1. Comment by Doris Tracey @ May 7, 2008 4 AM Comment permalink


We have enough oil to last 200 yrs. right here in North America on Gull Island Alaska. This oil crisis is a non-oil crisis, says Lindsey Williams.

2. Comment by joe dover @ May 7, 2008 5 AM Comment permalink

If we burn petro for 200 years we contribute to global climate change. I see rising gas prices a necessary evil to get us off our butts to do something to wean us off oil. Drilling, transporting, and using petro products is polluting on many levels. This oil “crisis” may also be a fabrication of the Bush administration. One more thing to make us fearful and drain your wallet just like he has drained the federal budget.

3. Comment by Phil @ May 7, 2008 6 AM Comment permalink

Oil from Alaska is sold to Japan and other Asian countries because it is easier to transport the crude oil to their refineries by ship. The profits from there are used to buy oil from the middle east that is shipped to Texas for our refineries, where most of them are located, or to Mexico’s refineries where there are little environmental restrictions. The oli companies don’t want to transport oil from Alaska to Texas because China owns the Panama Canal and it cost more to ship it to Texas. We are not only paying for the oil barrons of OPEC but for transportation costs for the oil companies as well. This keeps the price for consumers high so that the oil companies can keep their continued profit margin. There is plenty of oil, but it is all economics. And yes, let’s get out of our dependence on oil!

4. Comment by Jamie @ May 7, 2008 6 AM Comment permalink

Up here in Michigan, we have one of the highest weight limits in the nation…and our roads and bridges (nearly unfunded nowadays) are becoming more and more dangerous due to their deteriorating condition. We actually had to shut down some bridges and roads this winter due to their exceptionally poor state. A rapid and significant return to rail, and not an increase in interstate trucking weights, is a more reasonable solution to shipping needs for the US. I say this as someone who gets her daily bread paid for by road design!

5. Comment by J. Appelbaum @ May 7, 2008 7 AM Comment permalink

Yes but with higher truck loads, it will tear up our already deteriorating infrastructure which will get only worse when the politicos pass the Gas Tax repeal this summer. (sarcasm intended)

6. Comment by Chad @ May 7, 2008 8 AM Comment permalink

Slowing down is not a rational reponse to high gas prices, for most people at least. You roughly save about four times the price of gas per hour that you save. Even at today’s prices, that is only about $15/h. Most of us value our time (and our passenger’s time) at a much higher level.
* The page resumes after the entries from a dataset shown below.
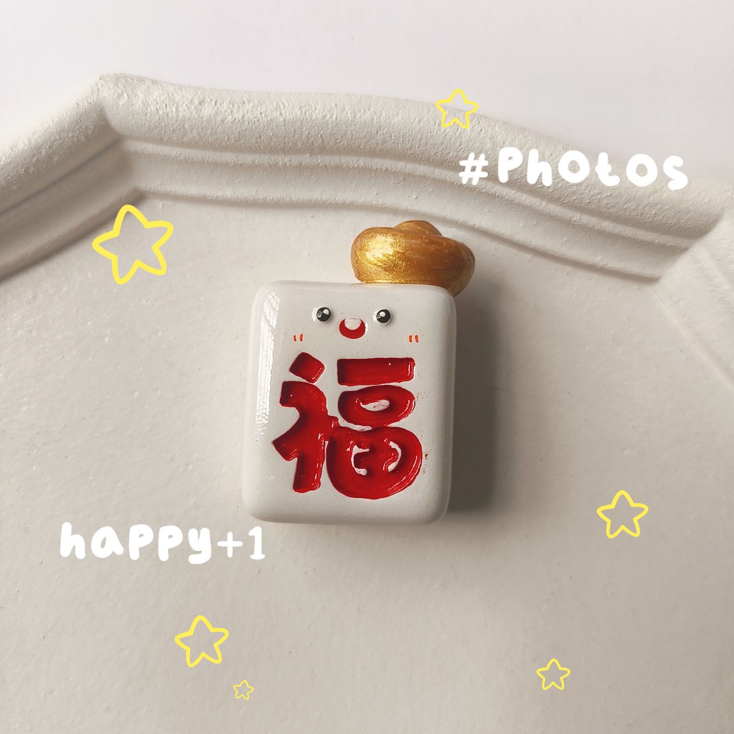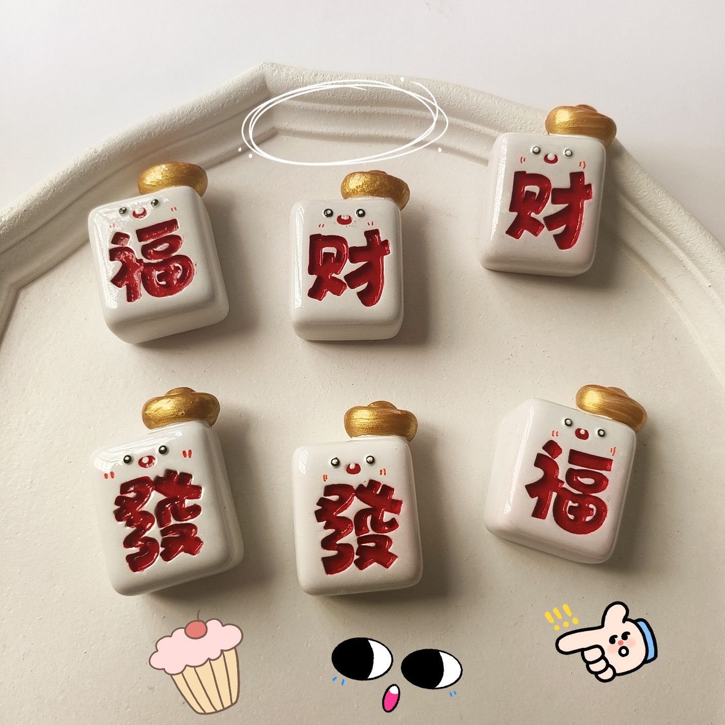 创意国潮卡通麻将发财福喜庆冰箱贴磁贴配件配饰树脂材质磁力贴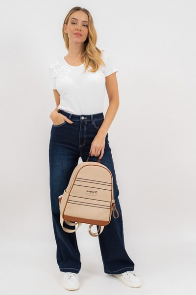 bézs-barna színű Budmil női hátitáskák - 10170084-001 női táska. Felsőrészének az anyaga: 100% poliuretán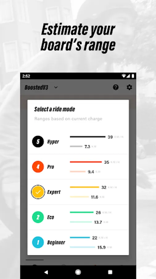 • Estimate your range based on battery level, mode, and rider settings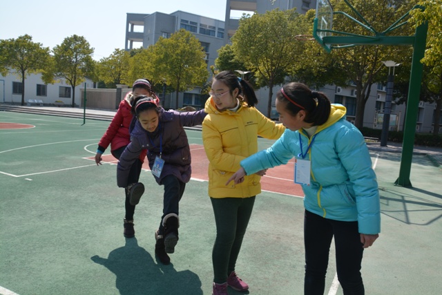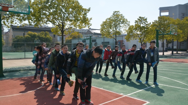 刚分组,大家都有些拘谨。倒是女生比较大方,男生们则你看看我,我看看你,不怎么说话。为了活跃气氛,女生戏称他们为“树桩”。眼看别的组已练得有点模样,我们只得暂且分成男、女组练习。一会儿,男生主动要求一起磨合。大家都熟络起来,互相提建议,终于在游戏中获胜。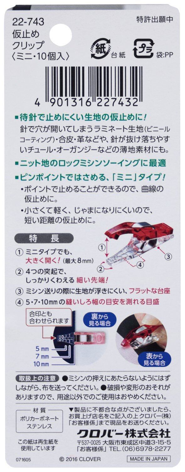 Clover ソーイング用品 仮止めクリップ ミニ 10個入り 22-743 ピンク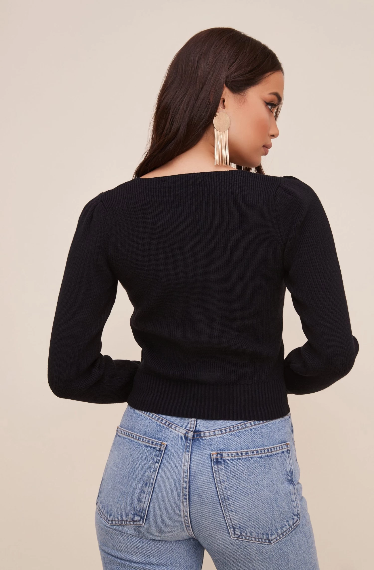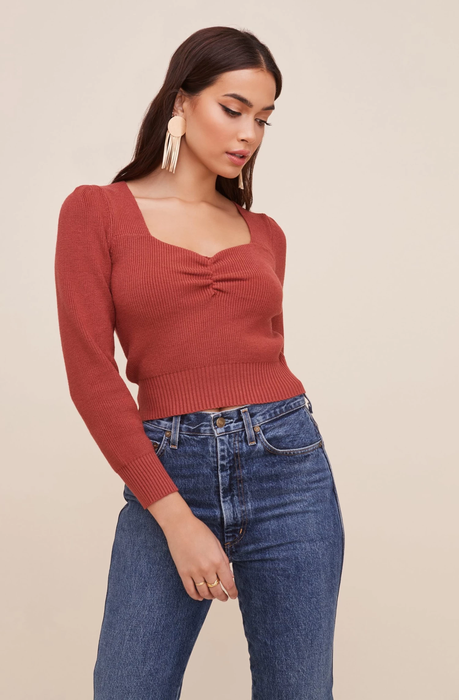 A gorgeous knit sweater that features a sweetheart neckline. Cropped hem and long sleeves.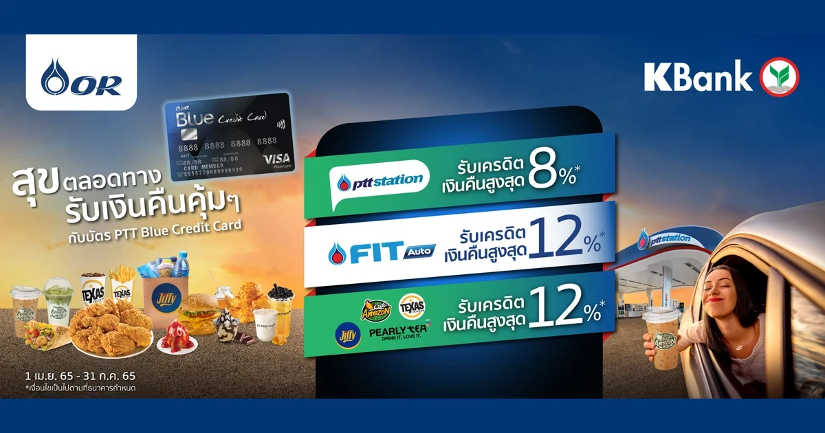 - เฉพาะยอดใช้จ่ายผ่านบัตร PTT Blue Credit Card ที่ร้านค้าในเครือโออาร์ที่ร่วมรายการ ระหว่างวันที่ 1 เม.ย. 65 - 31 ก.ค. 65 เท่านั้น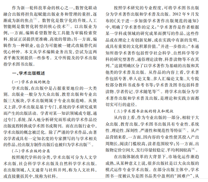随着出版融合的进一步发展,数智化工具在出版领域的应用场景不断扩大。在整个出版业占据重 要分量的学术出版也面临着新科技浪潮的冲击。本文剖析学术出版的现状与困境,从需求端出发,为数智工具 的研发与升级提供参考路径。
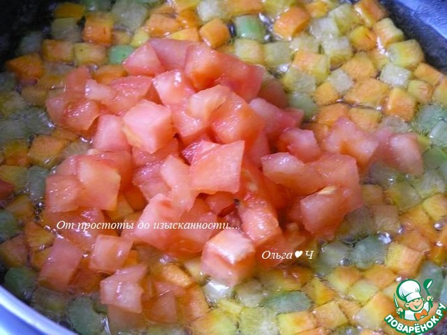 Помидор очистите от кожицы, нарежьте кубиками, добавьте к остальным овощам, перемешайте.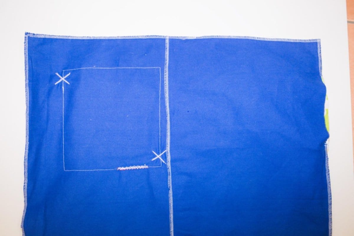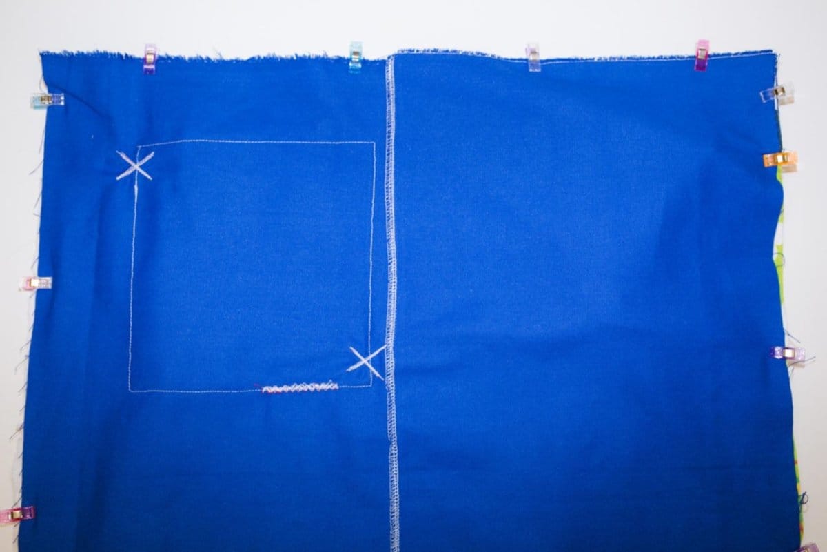 Nun markieren wir die Position der Verschlussklappe:Dazu faltet ihr den Stoff parallel zu der Seite, wo die Garagen/Fächer angebracht sind und dann gleich nochmal. Jetzt markiert ihr oben und unten mit einem Knips die Stelle, wo der äussere Falt ist.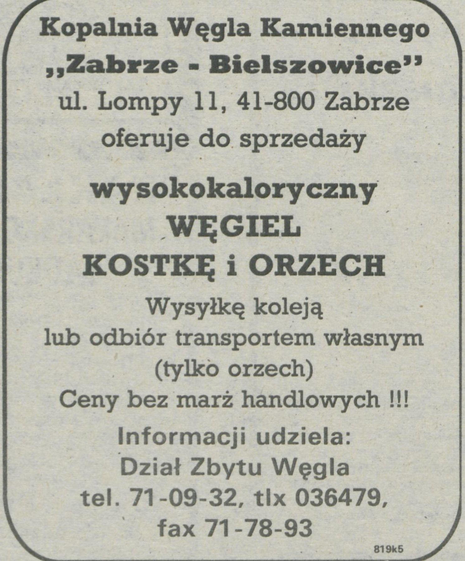 Ogłoszenie z 8 listopada 1991 r., które ukazało się w 45. numerze "Ziemi Kaliskiej", dotyczące sprzedaży opału przez Kopalnię Węgla Kamiennego "Zabrze - Bielszowice" w Zabrzu. Kopalnia oferowała w swojej sprzedaży wysokokaloryczny węgiel kostkę oraz orzech.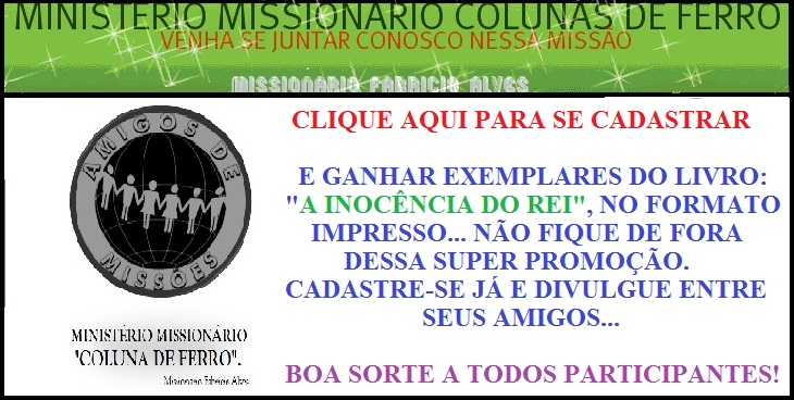 Nosso Ministério resolver agora premiar os nossos amigos, parceiros e aos visitantes do nosso site com uma super promoção. Todo mês será sorteado exemplares do livro impresso "A Inocência do Rei" entre todos os nossos parceiros que se cadastrarem nessa magnífica promoção.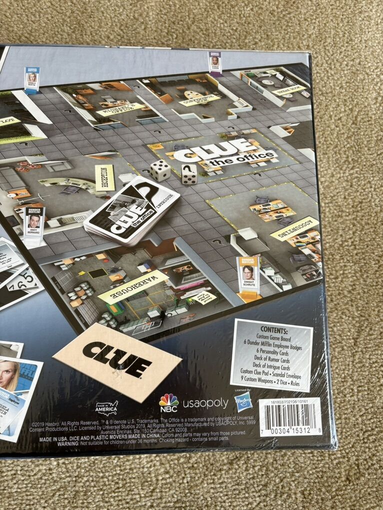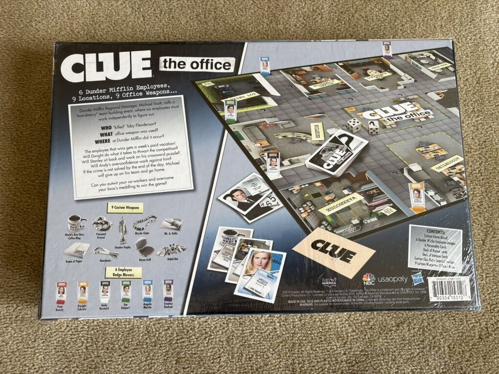 NEW (sealed in plastic) Clue: The Office Edition. Discover the secrets of Dunder Mifflin, Scranton. Ages 9+, 3-6 players. Hasbro, USAopoly, 2019. New, unopened condition. Text only. Cash or Venmo.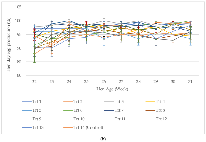 - 시험 처리군 간 산란율, 산란계수(hen-day production), 산란량 등은 유의한 차이가 없었으나, 시험군은 Hy-Line Brown 품종의 기준 성적(95~99%)과 유사한 수준을 유지함.
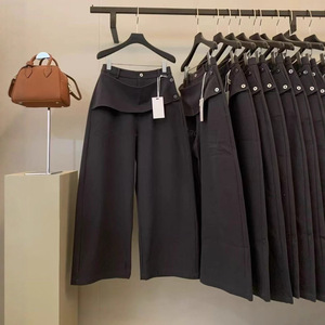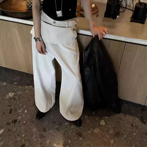 韩系假两件设计拼接屁帘小众阔腿裤女2025秋季新款气质休闲拖地裤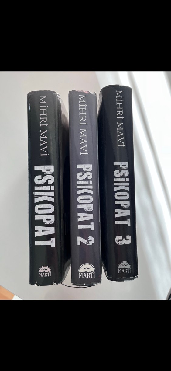 Mart yayınevi tarafından basılan Mihrî Mavi'nin Psikopat, Psikopat 2 ve Psikopat 3 adlı üç kitaplık serisi. Kitaplar ciltlidir. 2. kitabın bir sayfası sadece yırtıldı onun dışında hiçbir şey yoktur. Kitapları alırken içinden çıkan posterler durmaktadır.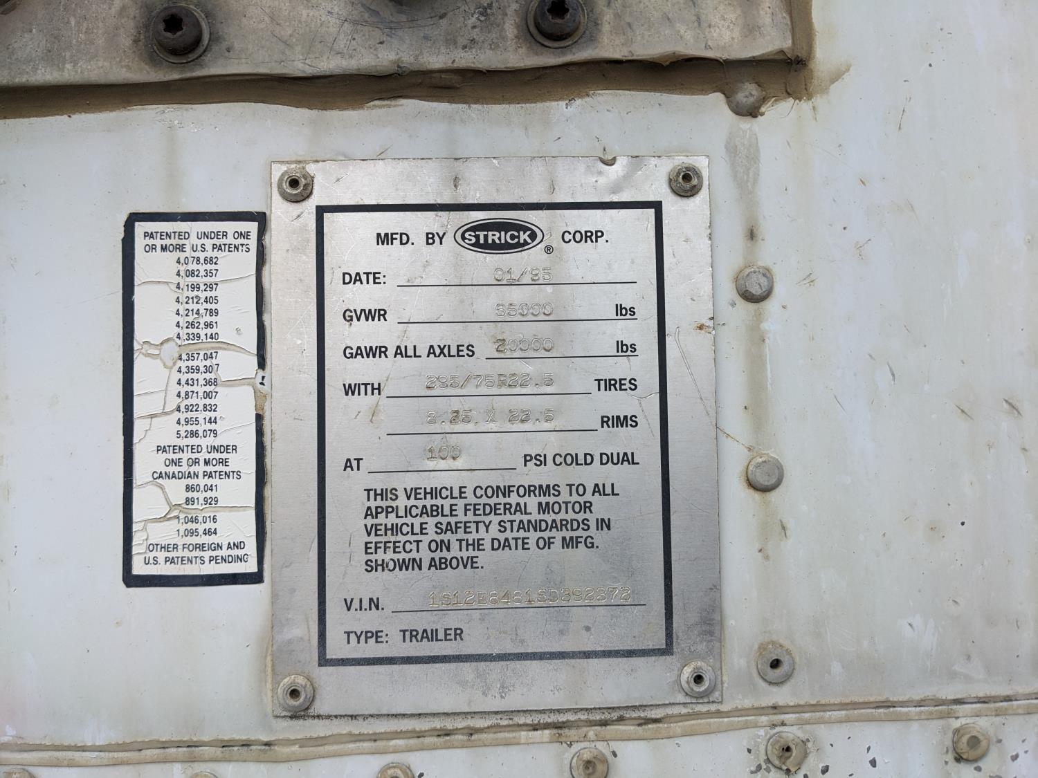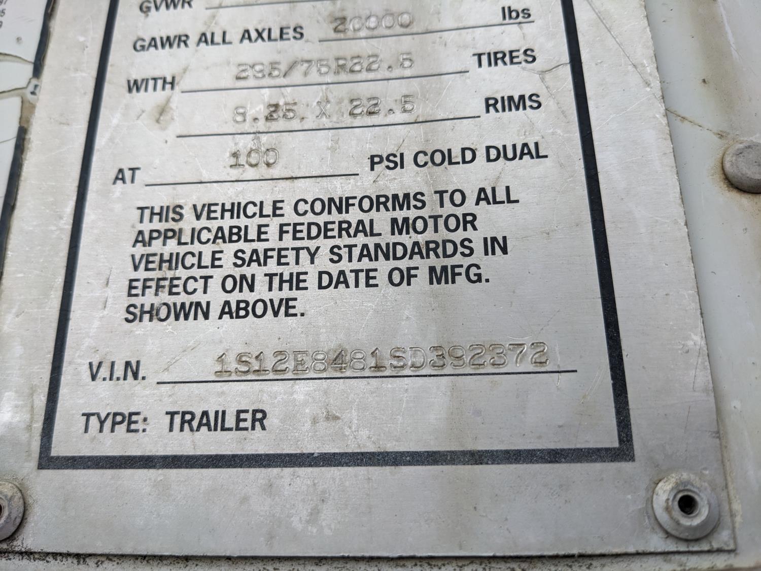8 ft 6 inch van width, 162 inch height, side door, rear swing doors, air brakes, spring suspension, 20,000 lb axles, 295/75R22.5 tires

Simply put, from an environmental perspective, you are better off speeding like a lunatic to work, putting in some OT with the time you saved, and buying terrapasses with your windfall cash.

7. Comment by Pat Tibbs @ May 7, 2008 10 AM Comment permalink

I drive a 2002 Ford Focus and have 20,000 miles on it. My primary mode of transit is public and when I have to drive I seek to maximize mileage so I buy CA40, a gas additive that actually works. It costs $1/tank and increases my mileage 10-20%. You can buy it too at http://www.ca40g.com.

Get off the dime and do your part.

8. Comment by Pat Tibbs @ May 7, 2008 11 AM Comment permalink

I have not connection to CA40 except as a customer. I use it and find that it does work. I get at least 10% better mileage and have heard several people on the Ed Schultz Show say how it has improved their mileage as well.

9. Comment by Pat Tibbs @ May 7, 2008 12 PM Comment permalink

I have no connection to CA40 except as a customer. I use it and find that it does work. I get at least 10% better mileage.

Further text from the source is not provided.